**What you need to do:** Reproduction of part of the material below, pictures omitted: copy exactly, and only, the lines starting with the one with "Designed to be" and going on through the one with "Uma sopa brasileira".

**Dataset records:**
------------------------------------------------------------------------

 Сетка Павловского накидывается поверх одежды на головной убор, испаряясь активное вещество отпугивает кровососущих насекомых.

------------------------------------------------------------------------

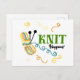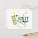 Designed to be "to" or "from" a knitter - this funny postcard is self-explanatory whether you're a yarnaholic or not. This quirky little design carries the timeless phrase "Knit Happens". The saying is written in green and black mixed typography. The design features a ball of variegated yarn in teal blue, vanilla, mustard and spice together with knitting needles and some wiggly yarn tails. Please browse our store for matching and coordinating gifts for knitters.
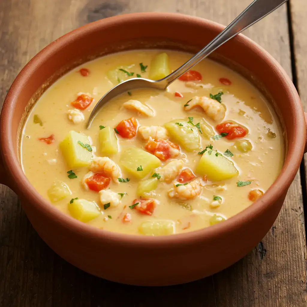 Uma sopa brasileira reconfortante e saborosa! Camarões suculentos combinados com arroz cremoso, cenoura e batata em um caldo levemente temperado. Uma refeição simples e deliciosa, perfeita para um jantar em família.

------------------------------------------------------------------------

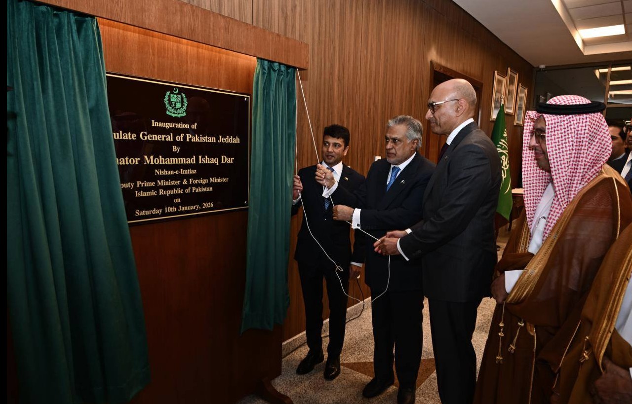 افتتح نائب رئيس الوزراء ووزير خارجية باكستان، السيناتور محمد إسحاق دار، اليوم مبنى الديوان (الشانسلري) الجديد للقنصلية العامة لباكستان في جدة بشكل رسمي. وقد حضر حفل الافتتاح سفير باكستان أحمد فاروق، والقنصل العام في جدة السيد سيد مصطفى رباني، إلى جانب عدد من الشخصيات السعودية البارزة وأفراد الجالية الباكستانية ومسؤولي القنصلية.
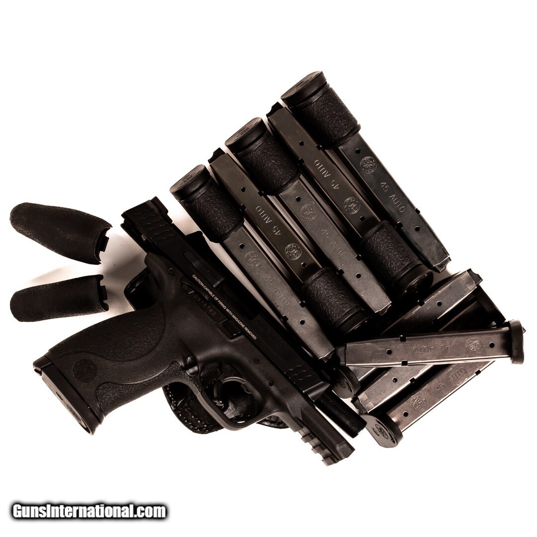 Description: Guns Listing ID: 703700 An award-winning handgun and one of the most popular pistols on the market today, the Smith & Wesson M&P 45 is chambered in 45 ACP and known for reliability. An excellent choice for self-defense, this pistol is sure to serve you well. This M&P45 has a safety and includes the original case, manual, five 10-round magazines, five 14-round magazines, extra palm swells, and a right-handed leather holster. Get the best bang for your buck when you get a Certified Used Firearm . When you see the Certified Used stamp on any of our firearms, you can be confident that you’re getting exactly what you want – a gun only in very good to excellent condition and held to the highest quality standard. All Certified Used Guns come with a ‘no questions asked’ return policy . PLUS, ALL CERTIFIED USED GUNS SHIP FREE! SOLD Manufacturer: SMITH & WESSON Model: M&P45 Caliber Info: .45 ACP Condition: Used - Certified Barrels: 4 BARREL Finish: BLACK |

------------------------------------------------------------------------

**Answer area:**
 Designed to be "to" or "from" a knitter - this funny postcard is self-explanatory whether you're a yarnaholic or not. This quirky little design carries the timeless phrase "Knit Happens". The saying is written in green and black mixed typography. The design features a ball of variegated yarn in teal blue, vanilla, mustard and spice together with knitting needles and some wiggly yarn tails. Please browse our store for matching and coordinating gifts for knitters.
 Uma sopa brasileira reconfortante e saborosa! Camarões suculentos combinados com arroz cremoso, cenoura e batata em um caldo levemente temperado. Uma refeição simples e deliciosa, perfeita para um jantar em família.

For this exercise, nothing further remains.